这将引发Access violation reading location 0xCCCCCCCC.
in Functional.h. 在Functional.h中。
Yet when I copy-paste the lambda function from inside Curry() to inside my main like this: 然而,当我将lambda函数从Curry()内部复制粘贴到我的main中时,就像这样:
auto x = [](){ return 8; };
auto y = [](){ cout << "test "; };
auto g = [&]() {
for (int i = 0; i < x(); i++)
{
y();
}
};
I get the code running as expected. 我按预期运行代码。 Why does this happen? 为什么会这样?
You have a few problems. 你有一些问题。
Here: 这里:
return [&]() {
you capture by reference . 你通过参考捕获。 Any variables you capture has to have a lifetime that exceeds your own. 您捕获的任何变量都必须具有超出您自己的生命周期。 It means that running the lambda becomes undefined behavior after the variables you capture&use lifetime ends. 这意味着在捕获并使用生命周期结束的变量之后,运行lambda会变为未定义的行为。 As you are returning this lambda, and capturing local state, this seems likely to happen. 当你返回这个lambda并捕获本地状态时,这似乎很可能发生。 (Note I said variables -- due to a quirk in the standard, [&]
captures variables not the data referred to by variables, so even capturing &
function arguments by [&]
is not safe. This may change in future revisions of the standard... There are neat optimizations that this particular set of rules allow in lambda implementations (reduce [&]
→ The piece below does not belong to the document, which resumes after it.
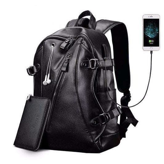 メンズバックパック 外部USB充電 防水バックパック ファッション PUレザー 旅行バッグ カジュアル スクールバッグ レザーブックバッグ

lambdas to having 1 pointer worth of state(!)), but it also introduces the only case in C++ where you have a reference to a reference variable in effect...) (注意我说的变量 - 由于标准中的怪癖, [&]
捕获变量而不是变量引用的数据,因此即使通过[&]
捕获&
函数参数也不安全。这可能会在将来的修订中发生变化。标准...这个特殊的规则集允许在lambda实现中进行简洁优化(将[&]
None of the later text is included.